From: Pekka Enberg <penberg@cs.helsinki.fi>
To: Ingo Molnar <mingo@elte.hu>
Cc: Alan Cox <alan@lxorguk.ukuu.org.uk>,
linux-kernel@vger.kernel.org,
Vegard Nossum <vegard.nossum@gmail.com>,
"Rafael J. Wysocki" <rjw@sisk.pl>,
Andrew Morton <akpm@linux-foundation.org>,
Linus Torvalds <torvalds@linux-foundation.org>,
Peter Zijlstra <a.p.zijlstra@chello.nl>
Subject: Re: tty_ldisc_try_get(): BUG kmalloc-8: Poison overwritten
Date: Sun, 14 Jun 2009 11:20:50 +0300 [thread overview]
Message-ID: <4A34B2E2.7080702@cs.helsinki.fi> (raw)
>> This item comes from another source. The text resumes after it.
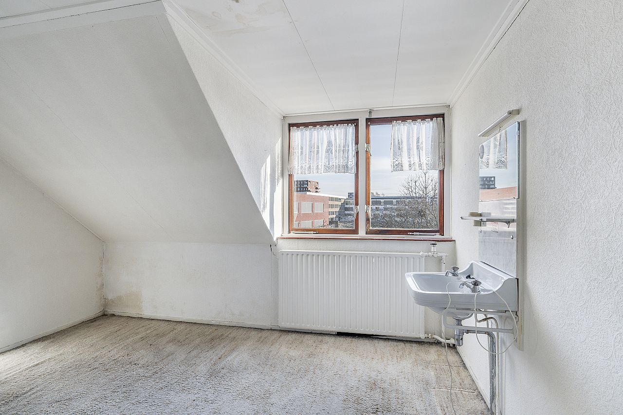 Slaapkamer aan de achterzijde met dakkapel en wastafel.

In-Reply-To: <20090614081052.GA9276@elte.hu>
Hi Ingo,
Ingo Molnar wrote:
> Ok, this is one for those who like to look at weird crashes/bugs.
>
> Here's a new regression that popped up in this merge window, there's
> some sort of slab corruption going on in tty data structures:
>
> [ 74.900215] =============================================================================
> [ 74.908193] BUG kmalloc-8: Poison overwritten
> [ 74.908193] -----------------------------------------------------------------------------
> [ 74.908193]
> [ 74.908193] INFO: 0x5d883a14-0x5d883a14. First byte 0x6a instead of 0x6b
> [ 74.908193] INFO: Allocated in tty_ldisc_try_get+0x1a/0xb0 age=8015 cpu=0 pid=1
> [ 74.908193] INFO: Freed in tty_ldisc_put+0x48/0x50 age=4 cpu=3 pid=4236
> [ 74.908193] INFO: Slab 0x42c6eeb4 objects=73 used=61 fp=0x5d883a10 flags=0x1d0000c3
> [ 74.908193] INFO: Object 0x5d883a10 @offset=2576 fp=0x5d883d90
> [ 74.908193]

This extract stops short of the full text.